Еще одна интересная встреча произошла как-то днем в лесу, окружавшем знаменитый отель Долдер. Заблудившись, я натолкнулся на Павла Александрова и Эмми Нетер, которые гуляли и беседовали о математике. Александров знал о некоторых моих работах, так как я посылал ему оттиски, одно время мы вели переписку по вопросам математики. Одним из самых радостных моментов моей жизни было получение его письма на имя профессора С.Улама. В ту встречу Александров неожиданно сказал мне: «Улам, вы хотели бы съездить в Россию? Я мог бы все устроить и был бы очень рад видеть вас у себя». Как поляку, да еще из капиталистической семьи, мне польстило его приглашение, но все-таки поездка эта все же казалась нереальной.

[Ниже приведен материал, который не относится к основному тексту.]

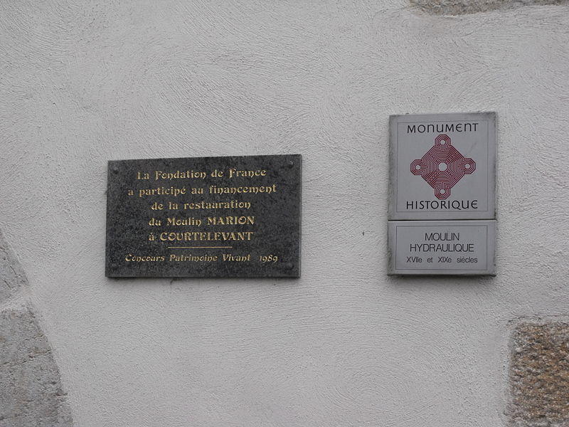 Le moulin de Courtelevant, dit moulin Marion, est un moulin à eau alimenté par la Vendeline, situé à Courtelevant (Territoire de Belfort), près de Delle et de la frontière suisse. L'origine exacte est inconnue ; il dépendait de la seigneurie de Florimont, cédée à la France en 1648. Devenu bien national à la Révolution, il fut vendu en 1805 à Jean‑Pierre Marion ; la famille Marion le conserva jusqu'à l'arrêt de la meunerie en 1905. Modernisé en 1840 par l'acquisition d'un mécanisme Courteau, il fut dévasté par un incendie en 1855 puis reconstruit en 1856, avec un nouvel atelier en retour d'angle sur quatre niveaux abritant les appareils de mouture actionnés par une roue hydraulique en dessus. Vers 1871‑1872, une extension adjointe au pignon est permit d'installer des équipements de préparation du grain (triage, nettoyage, humidification), réorganisant la chaîne de production. Face à la concurrence des minoteries régionales, la production de farine cessa en 1882. La meunerie fut interrompue en 1905 ; une laiterie‑beurrerie fonctionna ensuite dans le sous‑sol de la maison d'habitation, d'abord entraînée par la force hydraulique, puis par l'électricité à partir de 1923 ; selon les sources cette activité a perduré jusqu'en 1935 ou jusqu'en 1953. Le moulin a conservé un ensemble d'installations du XIXe siècle — roue hydraulique, transmission mécanique, appareils de mouture et de blutage — qui en font un témoin bien documenté et cohérent par son architecture. En 1847, quatre roues hydrauliques étaient en fonctionnement. En 2000, on y recensait un nettoyeur (tarare), un trieur, un trieur‑humidificateur, un mélangeur, deux bluteries, un appareil à cylindres, quatre paires de meules et une roue hydraulique rétablie en 1994. L'Association des Amis du moulin de Courtelevant, fondée en 1988, a conduit des campagnes de restauration entre 1988 et 1994, dont la remise en état en 1989 d'un atelier à pan de bois, et a œuvré à la valorisation et à l'ouverture du site au public. Le moulin a été inscrit aux Monuments historiques en 1990 ; la totalité du réseau hydraulique a été inscrite en 2006. Depuis 2002 il fonctionne à nouveau à des fins non commerciales, accueillant visites et démonstrations.

Конгресс закончился, и после маленькой экскурсии в Монтрё вместе с Куратовским и Кнастером я вернулся в Польшу как раз ко времени сдачи экзаменов на степень магистра.
К экзаменам у меня было почти патологическое отвращение. Более двух лет я вообще пренебрегал сдачей экзаменов, которые обычно были обязательными для перевода на последующий курс, а профессора, знавшие о моих оригинальных работах, смотрели на это сквозь пальцы. И вот я, в конце концов, все же должен был сдать их — все за раз.
Я проучился несколько месяцев, сдал что-то вроде всестороннего экзамена и написал диссертацию на степень магистра, тему которой придумал сам. Я работал над ней неделю, и еще одна ночь, часов с десяти вечера до четырех утра, ушла на то, чтобы оформить ее на бумаге — на длинных листах отцовой бумаги форматом 33 х 40, 6 см. У меня до сих пор сохранилась та рукопись (она не опубликована по сей день). В этой работе освещены общие идеи об операциях с произведениями множеств и, в общих чертах, то, что сейчас носит название теории категорий. Она содержит также мои собственные результаты с очень абстрактной трактовкой понятия о теории многих переменных в различных разделах математики. Все это произошло осенью 1932 года по моему возвращению из Цюриха.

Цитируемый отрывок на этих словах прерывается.